Tout, dans ce roman, contribue à créer une atmosphère oppressante et magnétique :

  • La forêt, décor hypnotique, aussi belle qu’inquiétante.
  • Les personnages, imparfaits, écorchés, aux fêlures profondes.
  • Le mystère qui plane autour de Thomas et de la disparition de ses parents et celui qui rode autour de la forêt.
  • L’écriture elle-même, qui agit comme un piège : une fois happé, impossible de s’échapper.

On est ferré, captif et ce sentiment ne nous quitte plus jusqu’à la dernière page.

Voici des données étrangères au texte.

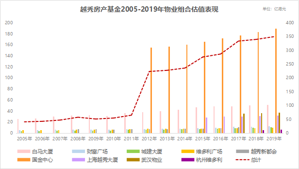 就下表的估值数据看,2012年,越秀地产旗下优质商业项目广州国际金融中心注入越秀房产基金,该年越秀房产基金在管物业规模和估值直接跃升至200亿阶梯,实现跨越式成长。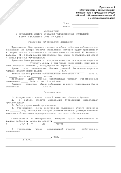 - 456Уведомление о проведении общего собрания собственников помещений в многоквартирном доме в г. Реутов Московской области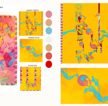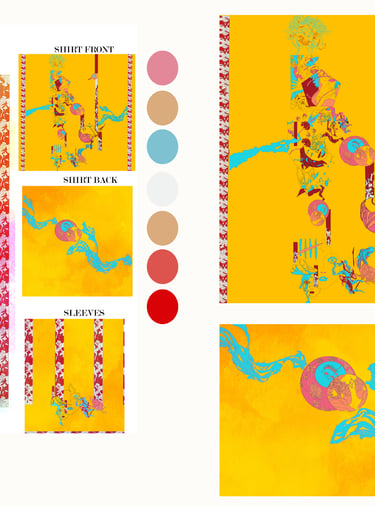 Rather than treating fabric as decoration, Sa-Koi approaches textiles as narrative systems — where motifs evolve, repeat, and flow across garments and spaces. Each piece is designed to move with the body, creating a dialogue between wearer, material, and story.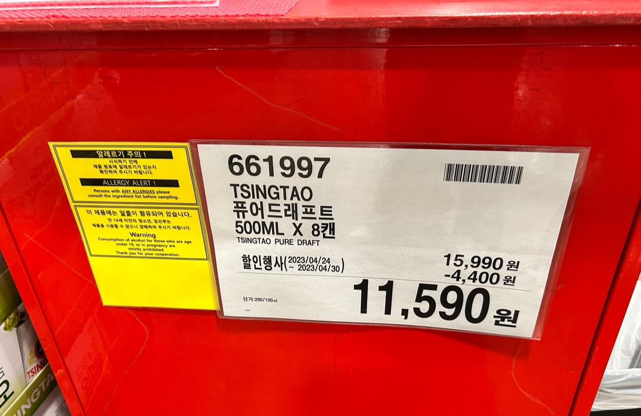 최근에 GS편의점에서 칭따오 퓨어 드래프트 4캔에 6,000원 행사가 있었습니다. 언제 편의점 들러서 사오나 하는 생각 때문에 구매를 망설이고 있었는데, 오늘 코스트코에 가니 마침 세일 중이네요. 8캔에 11,590원. 심지어 편의점 행사보다 저렴합니다. 이러면 안살 수 없겠죠?

Si ce roman marque autant, c’est aussi grâce à la plume de l’autrice. C.G. Drews a ce talent rare de transformer les mots en images. Chaque phrase est une métaphore, chaque paragraphe une vision. Elle ne se contente pas de raconter, elle peint, elle sculpte, elle fait ressentir physiquement ce qu’elle décrit. Les illustrations aident énormément à alimenter notre imagination.

Le résultat est double :

  • Une immersion totale, où l’on vit presque corporellement la douleur, la peur, l’amour ou la mélancolie des personnages.
  • Une ambivalence constante, où la beauté et l’horreur s’entrelacent au point de devenir indissociables.

C’est ici que se loge l’originalité du roman : dans cette capacité à mêler poésie et horreur, lyrisme et cruauté. On entre dans une forme de botanical body horror, un sous-genre qui transforme la nature en menace organique, en prolongement du corps humain, jusqu’à brouiller les frontières entre chair et végétal.

Au-delà de la forêt et de son pouvoir, ce roman est avant tout porté par ses personnages. Andrew, fragile et hypersensible, est d’une intensité bouleversante. Sa perception du monde, exagérée, hyperlucide, presque douloureuse, résonne comme un cri permanent. À travers lui, l’autrice explore la question de la vulnérabilité, de l’incompréhension, de la différence.

Thomas, lui, est sauvage, magnétique, sombre et lumineux à la fois. Son amitié avec Andrew (ou devrais-je dire leur lien, bien plus profond que l’amitié) est au cœur de l’intrigue. Tous deux sont des êtres à la fois beaux et terriblement incompris, oscillant entre douceur et douleur, lumière et noirceur. Ce duo, fragile et puissant à la fois, est la vraie force émotionnelle du roman.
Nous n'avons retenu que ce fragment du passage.